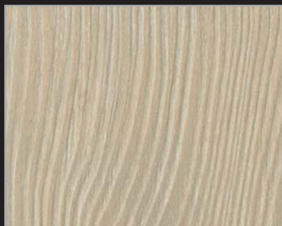
RT - IDA - 02
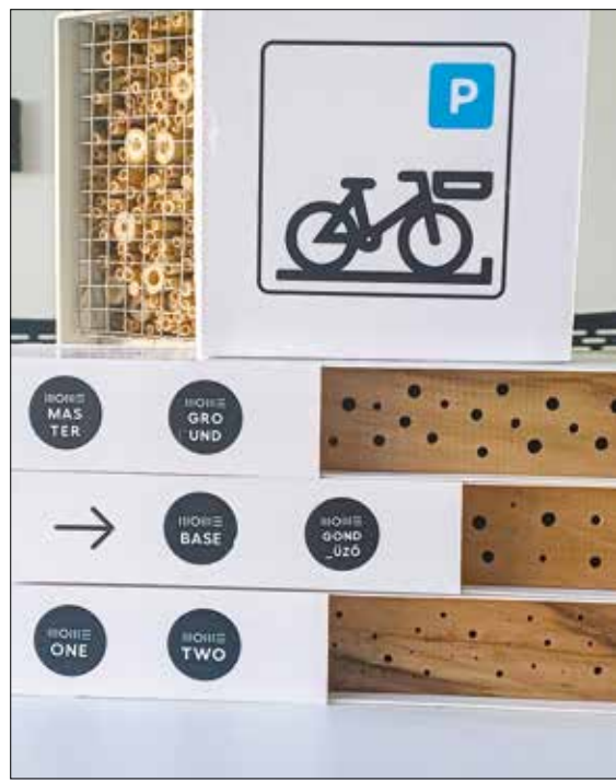
Rovarhotelek a MOME területén

A terepi felvételezés során 84 méh-, 14 zengőlégy- és 18 nappali lepkefaj mutatko-
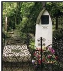
Памятник на могиле писателя

Летом 1904 года Чехов выехал на курорт в Германию. Скончался он 2 (15) июля 1904 года в Баденвайлере.
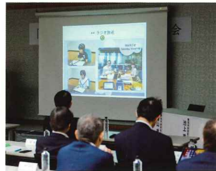
スライドによる事業報告
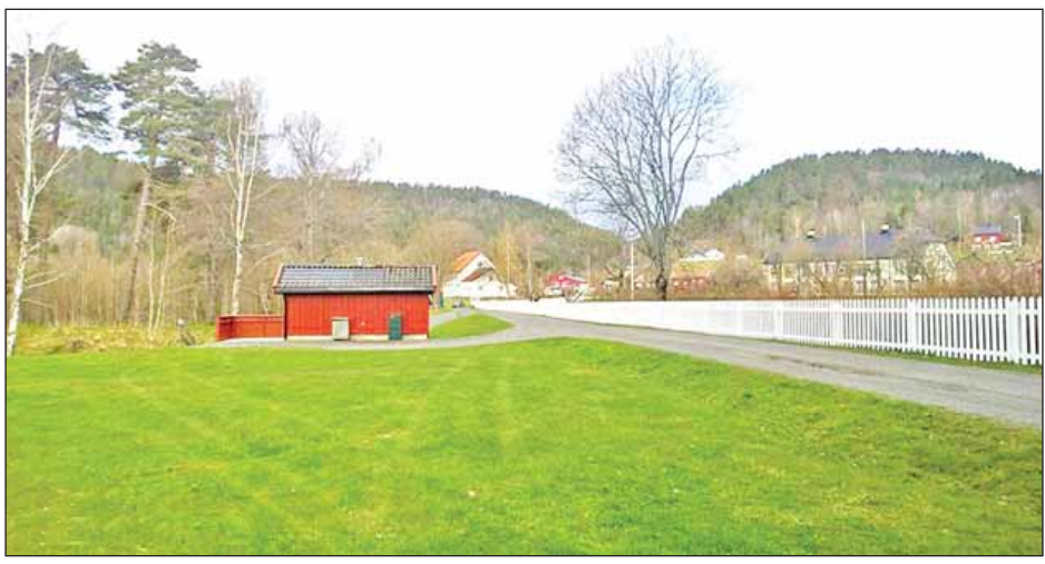
ဒေါ်အောင်ဆန်းစုကြည်ပန်းခြံမှ မြင်ကွင်းများ။
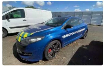
Malgré son état, cette Renault Megane R.S. de...
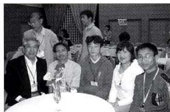
東南アジアからこられた留学生の皆さんと一枚
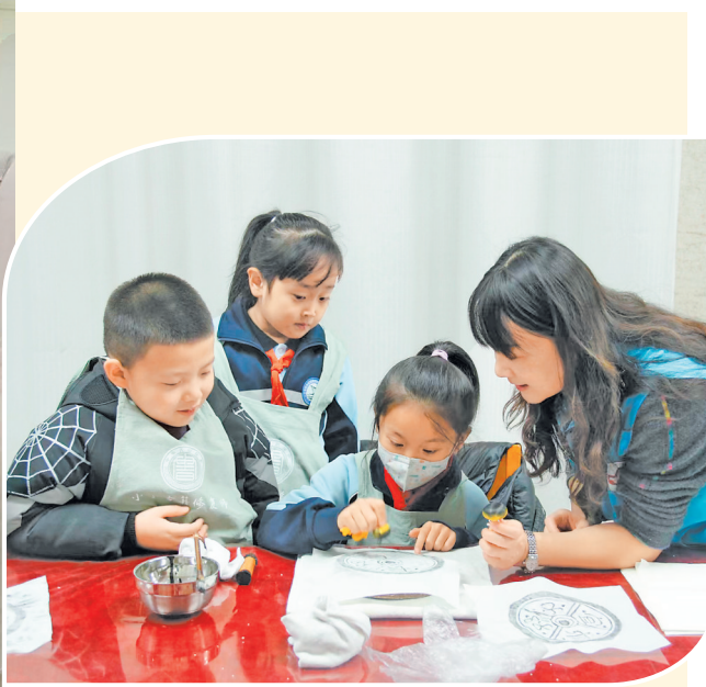
“我是小小古籍修复师”志愿服务活动
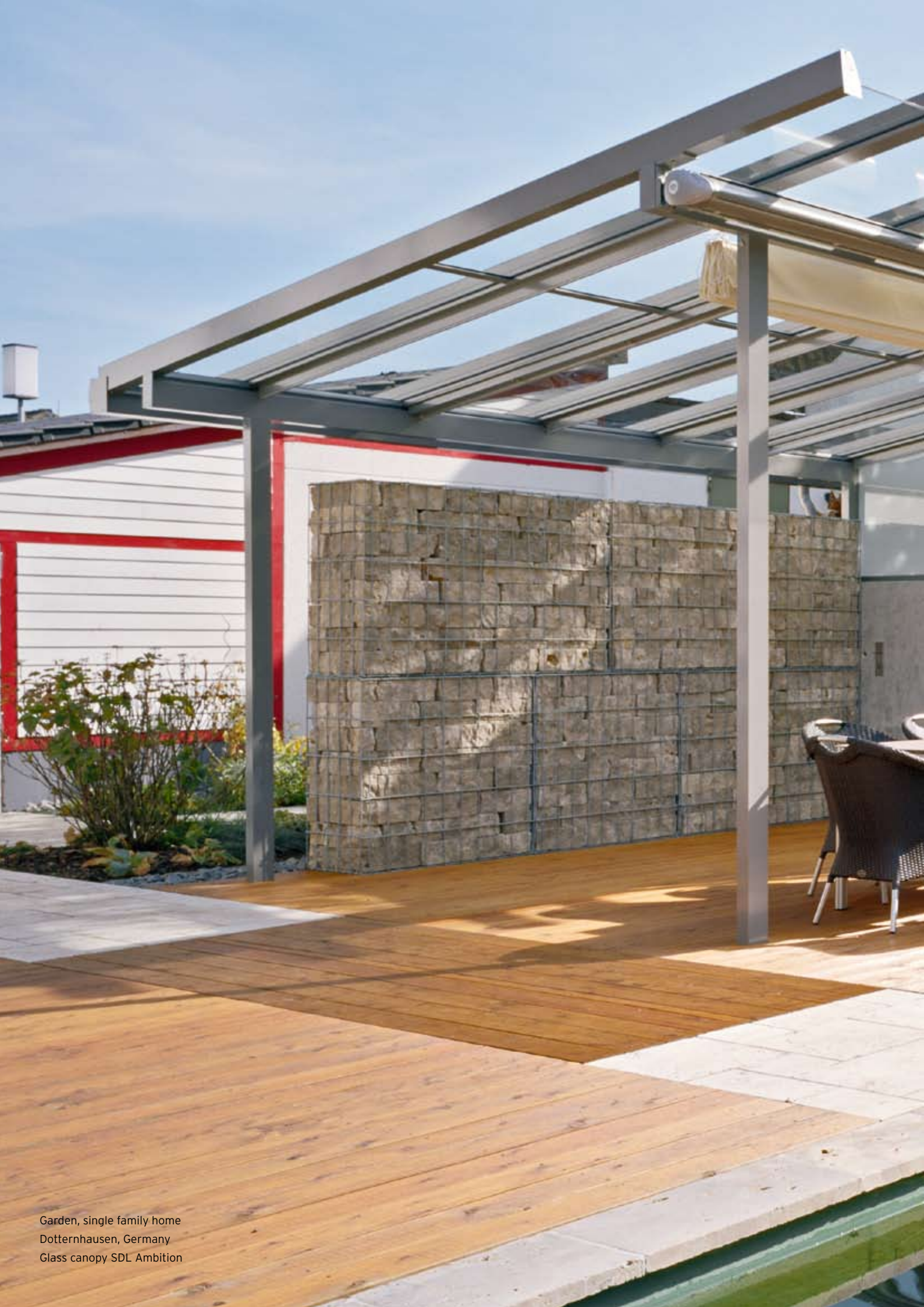
Garden, single family home Dotternhausen, Germany Glass canopy SDL Ambition
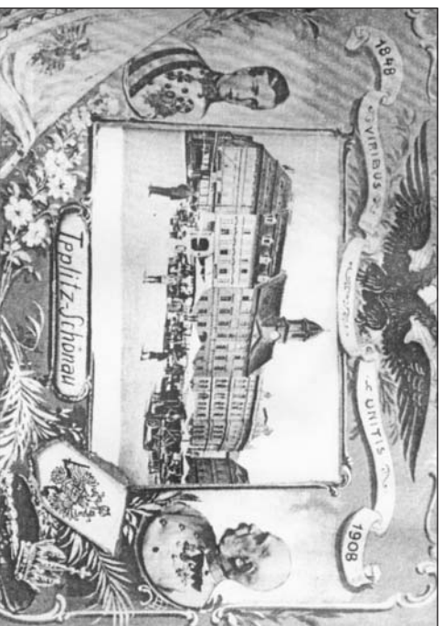
Jubilejní pohlednice z roku 1908, vydaná u příležitosti 60. výročí vlády rakouského císaře, zachycuje někdejší Tržní, dnes náměstí Svobody i další dokreslené emblemy císařského Veličenstva. Vlevo podobizna ještě mladého osmnáctiletého vládkáře z roku 1848, vpravo pak tenký, ovšem už staříky moonář z roku 1908.

##########

**What is needed:**
The answer is to be the lines of the listing from the first through the one with "Garden, single family", reproduced exactly, without any pictures.

**Task response:**
RT - IDA - 02
Rovarhotelek a MOME területén

A terepi felvételezés során 84 méh-, 14 zengőlégy- és 18 nappali lepkefaj mutatko-
Памятник на могиле писателя

Летом 1904 года Чехов выехал на курорт в Германию. Скончался он 2 (15) июля 1904 года в Баденвайлере.
スライドによる事業報告
ဒေါ်အောင်ဆန်းစုကြည်ပန်းခြံမှ မြင်ကွင်းများ။
Malgré son état, cette Renault Megane R.S. de...
東南アジアからこられた留学生の皆さんと一枚
“我是小小古籍修复师”志愿服务活动
Garden, single family home Dotternhausen, Germany Glass canopy SDL Ambition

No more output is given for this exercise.